Herr Böhm, Ihre berufliche Laufbahn hat Sie um die halbe Welt geführt. Was waren die Stationen, die Sie besonders geprägt haben?
Nach meiner Ausbildung zum Speditionskaufmann zog es mich früh ins Ausland – erst nach England, dann nach Hongkong und Korea. In dieser Zeit war ich vor allem im Luft- und Seefrachtbereich tätig. Später ging es über Italien zurück nach Deutschland, wo ich viele Jahre als Geschäftsführer in einem Logistikunternehmen tätig war. Heute bin ich selbstständiger Berater – mit dem Ziel, meine Erfahrung weiterzugeben und Unternehmen in der Logistikbranche zu begleiten.
Wie steht es aktuell um den Seefrachtmarkt: Kehrt Ruhe ein oder bleibt es turbulent?

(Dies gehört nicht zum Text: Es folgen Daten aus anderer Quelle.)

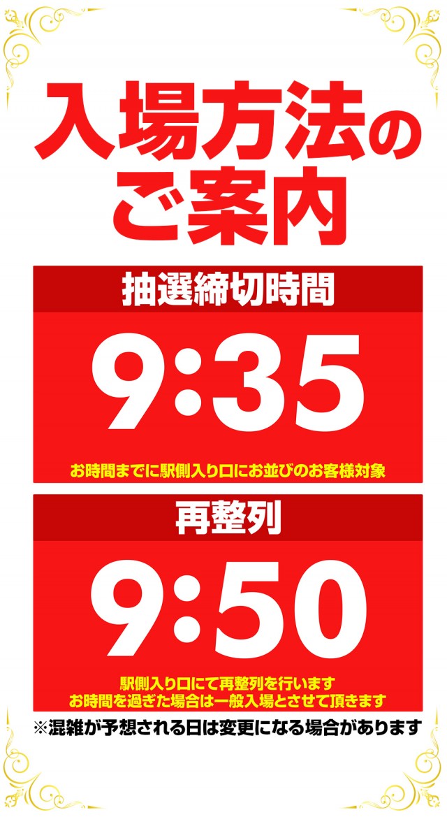 9:45正面入口にて抽選!会員カードは不要です!! |

Aktuell ist es stabiler als direkt nach der Pandemie, aber von echter Ruhe kann keine Rede sein. Politische Spannungen, Handelskonflikte und neue Regulierungen sorgen weiter für starke Schwankungen. Wegen der Angriffe auf Handelsschiffe durch Huthi-Rebellen vermeiden viele Reedereien die Passage durch den Suezkanal. Die Schiffe werden über Südafrika umgeleitet. Das verlängert Transportzeiten, was vor allem für verderbliche Waren wie Lebensmittel eine große Herausforderung ist. Und: Es treibt die Kosten in die Höhe.
Können Sie uns konkrete Zahlen nennen?
Das Rote Meer wickelte vor der Krise rund 30 Prozent des globalen Containerverkehrs ab. Anfang 2025 umgingen bereits 85 bis 90 Prozent der Schiffe die Route durch das Rote Meer und fuhren stattdessen am Kap der Guten Hoffnung entlang – mit bis zu 20 Tagen längerer Transitzeit und rund 1 Mio. USD zusätzlichen Treibstoffkosten pro Reise.
Auch aus den USA kommt derzeit Unsicherheit. Spüren Sie das im Markt?
Absolut. Vor allem unter Donald Trump sind viele Entscheidungen völlig unberechenbar. Zölle von bis zu 70 Prozent werden quasi über Nacht verhängt – da ist die Ware oft schon unterwegs. Und wenn sich die Rahmenbedingungen mitten auf dem Wasser ändern, müssen Container zurück oder umgeleitet werden. Das ist nicht nur logistisch komplex, sondern auch extrem teuer – vor allem, wenn der betroffene Container ganz unten im Stapel liegt und erst alle anderen runtergehoben werden müssen.
Wie planbar sind internationale Lieferketten derzeit?
Lieferketten sind planbarer als während der Pandemie, aber von echter Stabilität sind wir noch weit entfernt. Flexibilität, Echtzeit-Transparenz und alternative Routenplanung sind heute zentrale Anforderungen im Supply Chain Management. Unternehmen, die auf eine engmaschige digitale Überwachung setzen, können schneller reagieren und Risiken besser steuern. Insbesondere die Hafenlogistik macht eine Planbarkeit der Lieferkette sehr schwierig. Es gibt große Kapazitätsengpässe bei der Hinterlandanbindung. Es fehlen Fahrer, aber auch spezielles Equipment wie Gensets*. Auch der Abfluss über die Bahn wird regelmäßig durch Gleisstörungen oder Schienenbauarbeiten negativ beeinflusst.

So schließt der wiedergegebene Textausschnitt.